I have nicked the title "Artists Only" from a Talking Heads song a few times. I have used it to try and describe my slippery relationship with things creative. I started out as a child, drawing on pads of paper brought home by my father the printing salesman. I wanted to draw like my older brother did. I wanted to draw cartoons. When I was in fourth grade, I added author to that illustration gig. I had in mind that I would become my own little cottage industry. Picture story books by Dave.
In the meantime, I kept drawing. On purpose and absently. On those pads of paper and in the margins of my notebooks. And painting. I started painting. That lunch box I carried through junior high. The bunk bed upon which I slept at our mountain cabin. I drew invitations to our family picnic. I drew political cartoons that I imagined might eventually get me a spot on somebody's op-ed page. I painted my first canvas in acrylic: a cartoon demon sitting on a throne, surrounded by bright orange and red flame. While my pallet knife technique was lauded, I was asked not to use quite so much cadmium yellow.
Now my attentions began to shift to the Royal typewriter I kept on my desk. I wrote page after page of single-spaced thoughts and imaginings. I wrote stories and opinions and musings, in what I hoped was the style of my hero, Kurt Vonnegut Jr. These were not the picture story books I was authoring in grade school. These were darker musings of an adolescent kind.

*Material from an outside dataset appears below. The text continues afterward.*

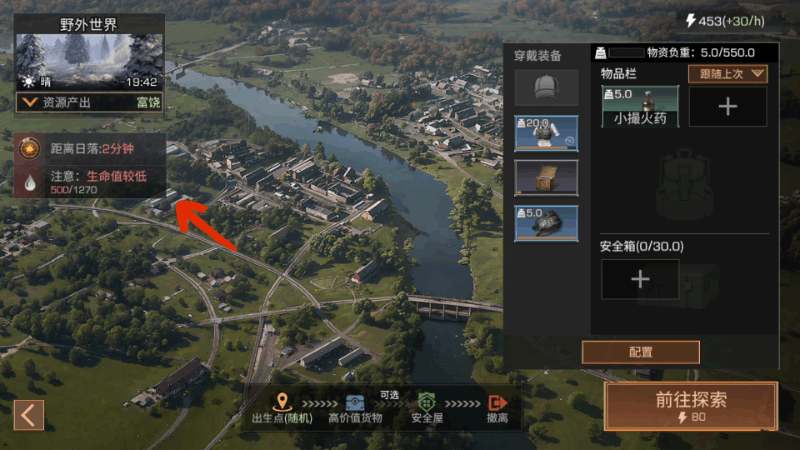 出发前你的低生命、饱腹不足状态

And I kept drawing. Now I was aping the styles of the artists I was reading in Heavy Metal magazine. If I couldn't be Kurt Vonnegut, I would be Frank Frazetta. And I had a movie camera. I was making Super 8 versions of films I had seen in my youth. I was going to be Steven Spielberg. Or Stan Brakhage. I was going to be an artist.
I kept drawing. Now it was mostly Christmas cards and the doodles I made on post-its during meetings. I painted on the walls of my son's room. I started to write screenplays. Romantic comedies and episodic TV. I was going to be William Goldman. Those scripts still have an honored spot on the hard drive of my computer. I have always had a self-promotion problem.
I'm still drawing. I'm still writing. You're reading it. Something's working. And I'm cleaning. I'm cleaning my brain.